God could’ve given a cat the tail of a scorpion, or a bear the arms of a crab. Then, when we examined DNA from each, we would find evidence for gene tampering — evidence that someone purposely transplanted these genes into unrelated animals in order to reuse some similar feature.
It’s also interesting to note that 15% of human DNA is more closely related to the gorilla than the chimp…
“15% of the human genome is closer to the gorilla genome than it is to chimpanzee, and 15% of the chimpanzee genome is closer to the gorilla than human.”
~ ScienceDaily, Mar. 7, 2012
This makes sense from an evolutionary prospective, suggesting that when humans and chimps diverged, each took along a good chunk of gorilla DNA. After millions of years, humans managed to retain some bits better than the chimp, and vice versa.
But to reconcile this with Creationism, we’d have to assume that when God formed Adam, He intentionally spliced in 15% gorilla DNA! This would suggest that He did have an interest in gene splicing, yet He fails to do it when it comes to more diverse species.

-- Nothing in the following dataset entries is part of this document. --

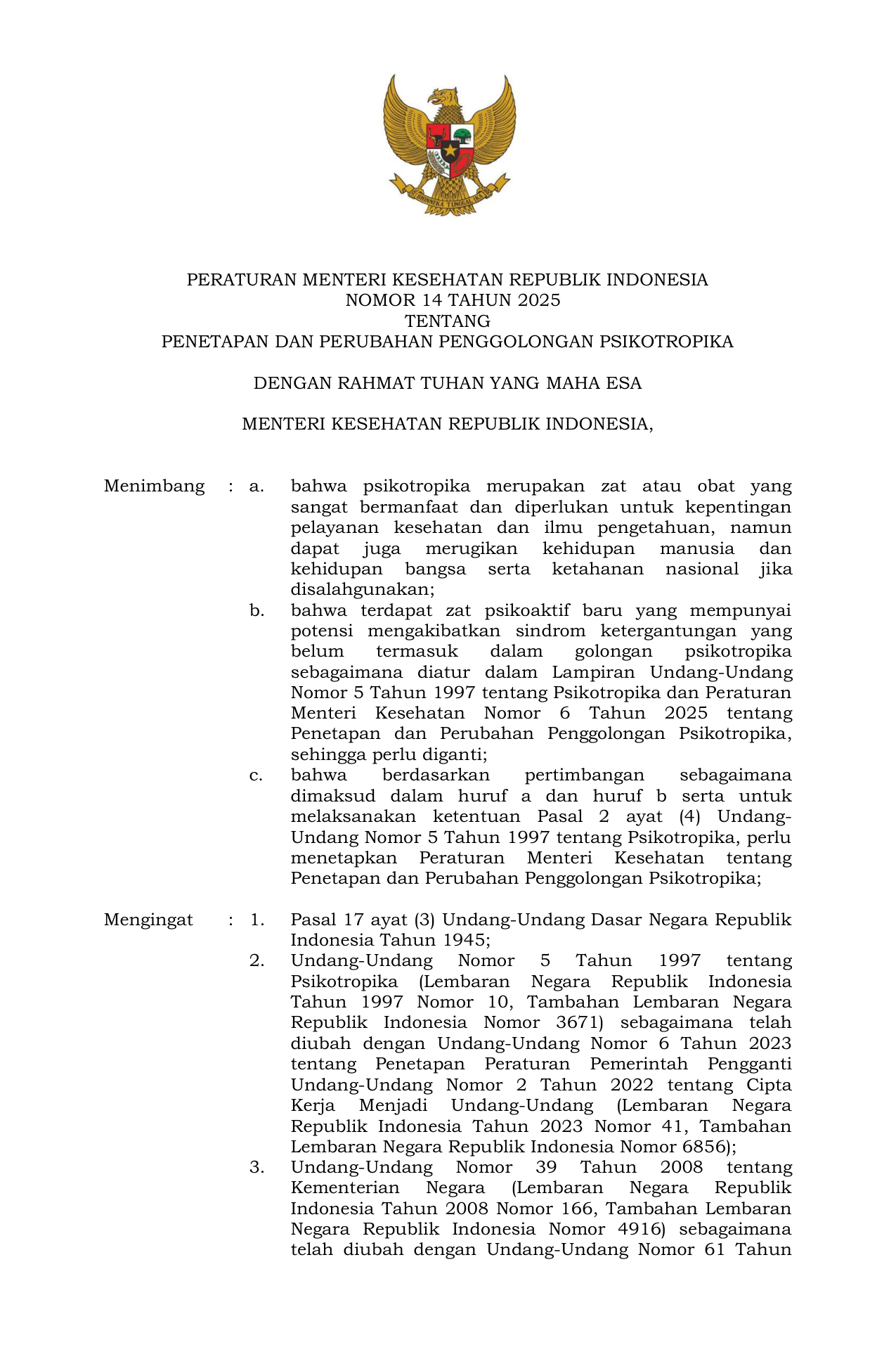 PERMEN Nomor 14 Tahun 2025 | Peraturan Menteri Nomor 14 Tahun 2025 tentang Penetapan dan Perubahan Penggolongan Psikotropika
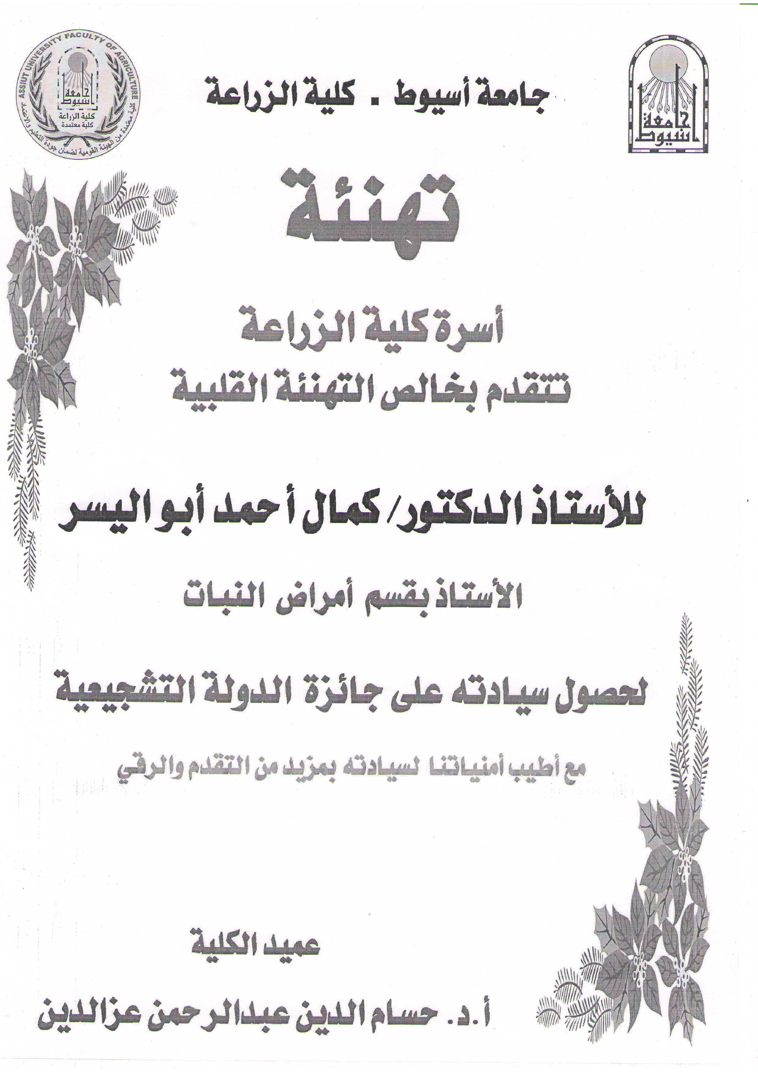 تهنئة السيد العميد للدكتورة / نسرين محمد فهمي ابوغدير
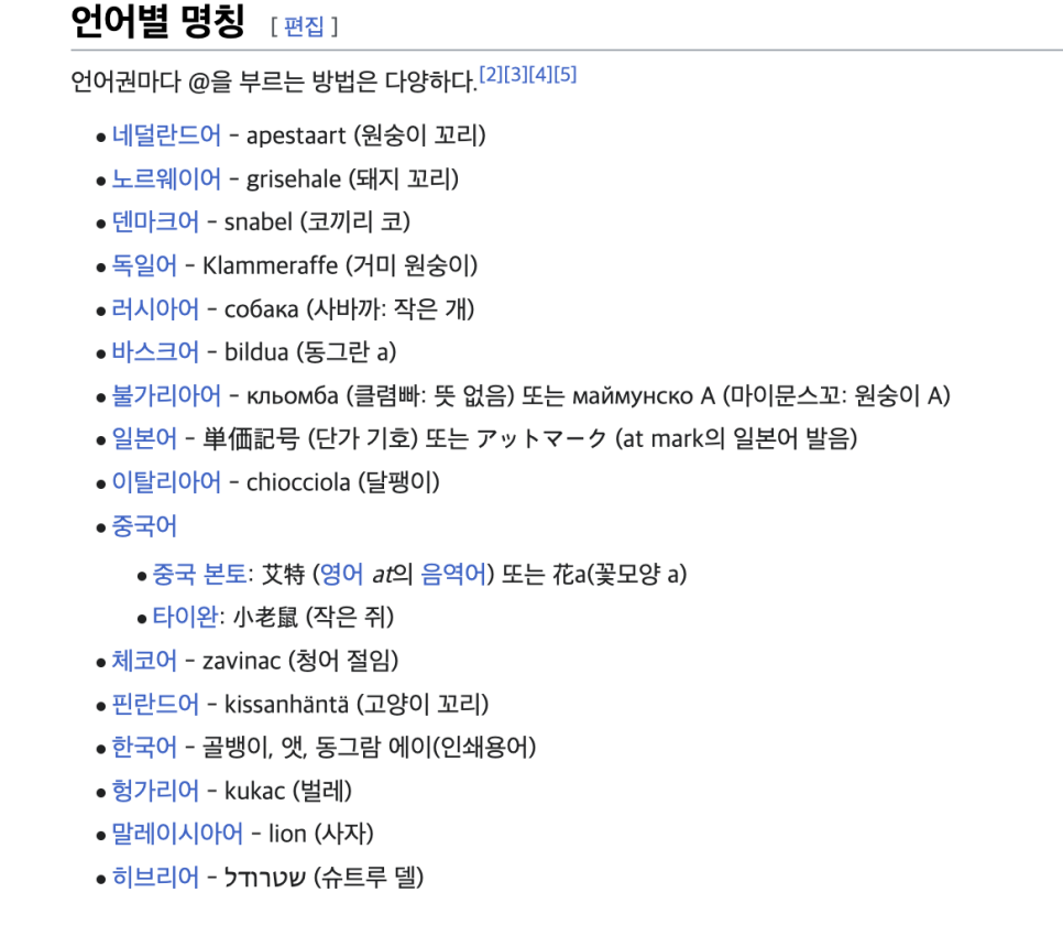 문득 다른 나라들은 @ 를 뭐라고 부르는지 궁금해졌다.

4) God wouldn’t copy broken genes, would He?
The most famous of these is a gene that affects our ability to produce vitamin C, like almost all other mammals can. What’s interesting about this gene is that it’s also broken in the same place in apes and most monkeys.
This makes sense if evolution is true, as the gene that produces the enzyme probably failed in a common ancestor, and was then passed down to some monkeys, all apes, and all humans. Since most primates take in vitamin C through foodstuffs, evolution didn’t see this as a loss.
It’s much trickier to reconcile this damage through Creationism. While it’s easy to claim that all genetic flaws have occurred since the fall, this doesn’t explain why the same gene failed in the same location in humans, apes, and most monkeys. It’s as if God intentionally broke this gene in most primates to make us appear related.
In copyright law, such errors are sometimes used as evidence of plagiarism. When an error is found in an early document, copies of that document may contain that same error. Just as we can use this mistake to trace plagiarized documents to their source, we can trace a broken gene back to its source.
There are several Creationist explanations for how this gene may have broken in primates, and they fall into two categories: The first is that these genes were intelligently designed this way, even if we don’t understand why (and such a claim can never be falsified, we just have to assume God had a good reason); the second is that the DNA failed in all these animals in a similar way. But interestingly, the guinea pig also can’t produce Vitamin C, but his gene is broken in a different location. Why would a God who was interested in breaking our Vitamin C gene, break it the same way in primates, but a different way in guinea pigs?
5) God has all the time in the world
Finally, why would it behoove God to save time by recycling? God has all the time in the world… and then some. God had plenty of time to make us totally unique, and why wouldn’t he want to make his masterpiece unique? Why would God take time to design many different kinds of wings, and hundreds of “disposable dinosaurs,” and millions of insects and billions of galaxies… yet not devote any time to making man completely unique?
If evolution is true, our DNA should show that the majority of human DNA is similar to that of other great apes, which it is. And if evolution is true, any new traits (ones that developed after two species have split,) must evolve independently in each animal, which they do. And if we evolved, our DNA should contain some of the same errors as other close species, which it does.
If we were created, God could’ve made us completely unique, but He didn’t. And if we were created, God could’ve reused designs and/or unrelated genes across diverse species, but He didn’t. And if we were created, God could’ve easily falsified evolution and provided evidence for the Biblical account of creation, but He didn’t. Instead, God seems to have gone out of His way to deceive us into thinking evolution has occurred.